Berlin ist eine Weinstadt, selbstverständlich! Und eine große dazu. Hier gibt es 150 Lidl-Filialen und 108 von Aldi. Und da beide zusammen knapp die Hälfte des deutschen Weinumsatzes machen, wird man auch ohne genaue Kenntnis der Zahlen unterstellen können, dass in Berlin einiges an Wein getrunken wird. Zumal ja dann noch all die anderen Discounter und Supermärkte dazu kommen, und auch Drogerieketten, Tankstellen, Bäckereien, Spätkaufgeschäfte, selbst Videotheken Wein verkaufen. Da kommt einiges zusammen. Schön ist auch zu wissen, dass der Durchschnittspreis einer Flasche Wein in Deutschland bei etwa 2,20 € liegt, samt Flasche, Etikett und Verschluss. 2,20 € als Durchschnittspreis – auch kein Grund, sich Zurückhaltung beim Kauf aufzuerlegen, auch in Berlin nicht!

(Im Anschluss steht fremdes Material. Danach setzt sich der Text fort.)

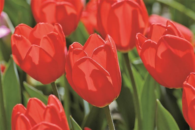 4月26日,西寧陽(yáng)光明媚,記者步入人民公園,目光首先被一片熾烈的紅所吸引。那是“皇家紅”,花瓣厚實(shí)如絲絨,色澤飽滿(mǎn)欲滴,在陽(yáng)光下像一大把靜靜燃燒的火炬,端莊而熱烈。不遠(yuǎn)處,“金色阿波羅”則鋪開(kāi)一地陽(yáng)光,明黃的花盞昂首向著藍(lán)天,仿佛要將天際的湛藍(lán)也吸入自己的燦爛里。
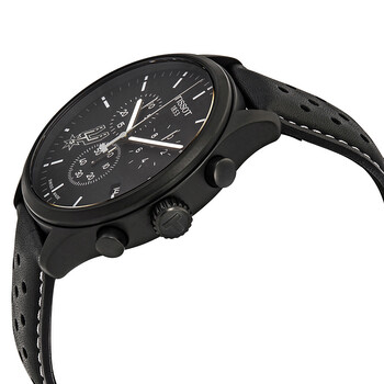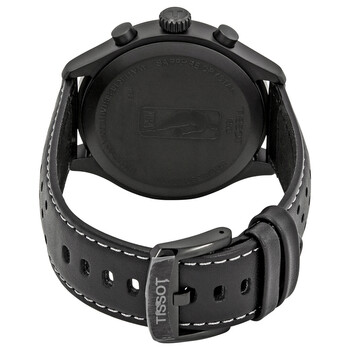 Black PVD stainless steel case with a black leather strap. Fixed black PVD bezel. Black (San Antonio Spurs) dial with luminous silver-tone hands and index hour markers. Minute markers around the outer rim. Dial Type: Analog. Luminescent hands and markers. Date display at the 4 o'clock position. Chronograph - three sub-dials displaying: 60 second, 30 minute and 1/10th of a second. ETA caliber G10.212 quartz movement. Scratch resistant sapphire crystal. Solid case back. Round case shape. Case size: 45 mm. Case thickness: 11 mm. Band width: 22 mm. Tang clasp. Water resistant at 100 meters / 330 feet. Functions: chronograph, rattrapante, date, hour, minute, small second. Nba Teams Special San Antonio Spurs Edition Series. Sport watch style. Watch label: Swiss Made. Tissot NBA Teams Special San Antonio Spurs Edition Chronograph Men's Watch T116.617.36.051.04.

Und da sind wir schon mitten beim industriellen Weinmachen, das den Weinmarkt heute dominiert

Es führt zu einem ähnlichen Ergebnis wie Werbefotos, von denen die Adressaten mit einer solchen Flut makelloser, entpersonalisierter Bilder überschüttet werden, dass viele denken, die ganze Welt sähe so aus. Auf den Wein bezogen heißt das, dass die von Besonderheit und Eigenständigkeit be-freiten Weine zunehmend als Prototypen von Wein überhaupt dargestellt und schließlich auch em-pfunden werden.
Was geschmacklich Eigenheit und Differenz beim Wein sein könnten, und damit der Grund, sich von der Verpackung absehend, für eine bestimmte Flasche im Regal zu entscheiden und nicht für die rechts oder links daneben, verschiebt sich heute immer weiter in den Bereich von „life-style“ und seiner Darstellung: Der Sekt im Bauchnabel der Dame ist der Grund, ihn zu kaufen, nicht sein Geschmack. Bei dem kommt es nur noch darauf an, dass er niemanden stört. Und am besten ist es, wenn er ALLEN gefällt. (Ein Wein, den Millionen Menschen trinken: das Phantasma des Großproduzenten…!)

Der geschmackliche Kitsch, der dabei entsteht, gleicht industriell herstellten Kaufhausgemälden mit gleißenden Sonnenuntergängen in Neonfarben oder dem „airbrush-painting“, das einem von Motor-hauben entgegen springt. Solche Kunst hat etwas – hart ausgedrückt – „dümmlich Tröstendes“. Ihr ist das Bestreben gemeinsam, auf keinen Fall die Intensität oder die Qualität des Inhalts und seiner Ein-zelteile zu steigern, so dass der Betrachter verweilen, wahrnehmen und mit einem Mehr an Erfahrung daraus entlassen werden könnte.

Das gilt auch für Weine aus Großproduktion, bei denen der Hersteller den Geschmack der großen Zahl, d. h. den kleinsten gemeinsamen Nenner von dem, was Allen schmeckt, ansteuert. Ein so auf Banalität getrimmter Wein ohne Profil enthält deswegen übrigens auch eine mehr oder weniger ver-steckte Aufforderung zum Saufen. Er fließt nämlich aufgrund seines glattgeschmirgelten Charakters bei dem sich Empfindungen bestenfalls in Wohlgefallen auflösen, in rasantem Tempo seinem Ende entgegen – und schon ist die Flasche leer.
Bei all dem geht es weniger um gut oder schlecht, richtig oder falsch, sondern zuallererst um die Aufmerksamkeit, welche Richtung die ganze Sache weiterhin nimmt.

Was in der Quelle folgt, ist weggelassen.